### [Work required]
Reproduce, word for word, all of the records; the pictures stay out.

··· Records to use ···

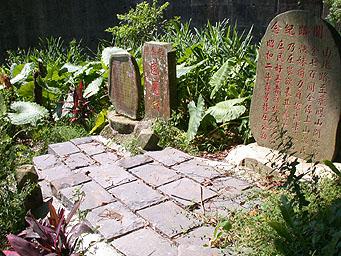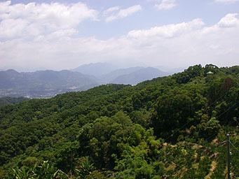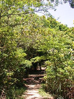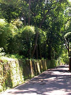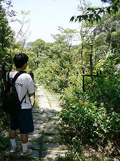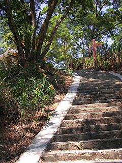 從觀日坪叉路口回到代勸堂都是石階步道。相思樹依舊青綠頗有可觀。第二涼亭附近是飛鳳山的基點(發揮想像力一下)。第一涼亭是新竹八景飛鳳夕照的所在。然後一直下到代勸堂接上柏油路。過雲谷寺之後,從GPS 上查明回到牌樓的路,於是一路往下,兩旁都是高大的樹木,這時才有風吹過來,正覺得清爽無比之際,突然不遠前方喀啦一聲,一堆殘枝被風吹斷從樹梢直落在地,如果再差個十來步,也許就會直接砸在我們頭上。真是好險。
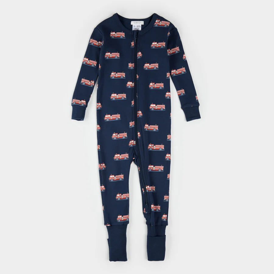 Petit Lem - Pyjamas marine à imprimé de camion de pompiers
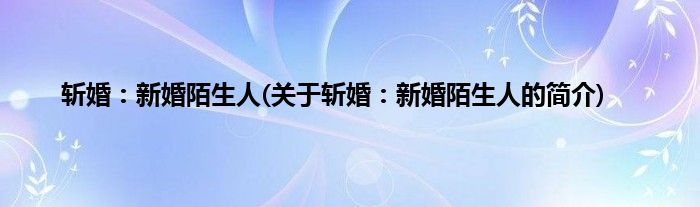 大家好,斩婚:新婚陌生人,关于斩婚:新婚陌生人的简介很多人还不知道,现在让我们一起来看看吧!
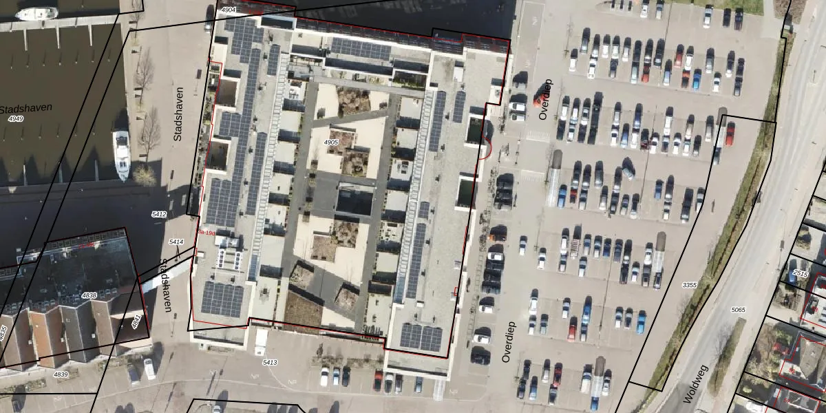 Overdiep 5-b is gelegen op kadastraal perceel APG00G4905. Deze kadastrale aanduiding is uniek en wordt gebruikt door het Kadaster om eigendomsrechten en andere zakelijke rechten vast te leggen. Het perceel maakt onderdeel uit van de kadastrale gemeente Appingedam.
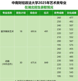 中南财经政法大学往年美术类各省录取分数线汇总
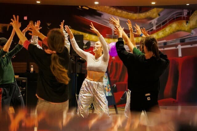 Le public se laisse prendre, répète les « steps » jusqu’à les incorporer collectivement. Au cours de l’événement, les mêmes chorégraphies reviennent à plusieurs reprises pour fédérer le public tout au long de la performance.
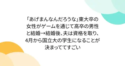 「あげまんなんだろうな」東大卒の女性がゲームを通じて高卒の男性と結婚→結婚後、夫は資格を取り、4月から国立大の学生になることが決まっててすごい
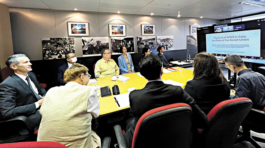 今天(3日)是中國人民抗日戰爭勝利紀念日。俄羅斯聯邦駐港總領事館昨日舉辦圓桌論壇,邀請來自內地、香港、俄羅斯的學者透過網上網下方式,共同討論第二次世界大戰亞洲和太平洋戰場的歷史情況以及對後世的影響。俄羅斯駐港總領事阿納托利·卡爾加波洛夫(圖中左一)出席了論壇。◆香港文匯報記者 康敬
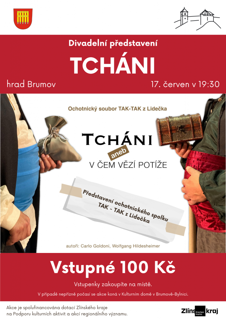 Srdečně Vás zveme na divadelní představení Tcháni, které se uskuteční v pátek 17. června 2022 v 19:30 na hradě Brumov. V

···

### [Response]
 從觀日坪叉路口回到代勸堂都是石階步道。相思樹依舊青綠頗有可觀。第二涼亭附近是飛鳳山的基點(發揮想像力一下)。第一涼亭是新竹八景飛鳳夕照的所在。然後一直下到代勸堂接上柏油路。過雲谷寺之後,從GPS 上查明回到牌樓的路,於是一路往下,兩旁都是高大的樹木,這時才有風吹過來,正覺得清爽無比之際,突然不遠前方喀啦一聲,一堆殘枝被風吹斷從樹梢直落在地,如果再差個十來步,也許就會直接砸在我們頭上。真是好險。
 Petit Lem - Pyjamas marine à imprimé de camion de pompiers
 大家好,斩婚:新婚陌生人,关于斩婚:新婚陌生人的简介很多人还不知道,现在让我们一起来看看吧!
 Overdiep 5-b is gelegen op kadastraal perceel APG00G4905. Deze kadastrale aanduiding is uniek en wordt gebruikt door het Kadaster om eigendomsrechten en andere zakelijke rechten vast te leggen. Het perceel maakt onderdeel uit van de kadastrale gemeente Appingedam.
 中南财经政法大学往年美术类各省录取分数线汇总
 Le public se laisse prendre, répète les « steps » jusqu’à les incorporer collectivement. Au cours de l’événement, les mêmes chorégraphies reviennent à plusieurs reprises pour fédérer le public tout au long de la performance.
 「あげまんなんだろうな」東大卒の女性がゲームを通じて高卒の男性と結婚→結婚後、夫は資格を取り、4月から国立大の学生になることが決まっててすごい
 今天(3日)是中國人民抗日戰爭勝利紀念日。俄羅斯聯邦駐港總領事館昨日舉辦圓桌論壇,邀請來自內地、香港、俄羅斯的學者透過網上網下方式,共同討論第二次世界大戰亞洲和太平洋戰場的歷史情況以及對後世的影響。俄羅斯駐港總領事阿納托利·卡爾加波洛夫(圖中左一)出席了論壇。◆香港文匯報記者 康敬
 Srdečně Vás zveme na divadelní představení Tcháni, které se uskuteční v pátek 17. června 2022 v 19:30 na hradě Brumov. V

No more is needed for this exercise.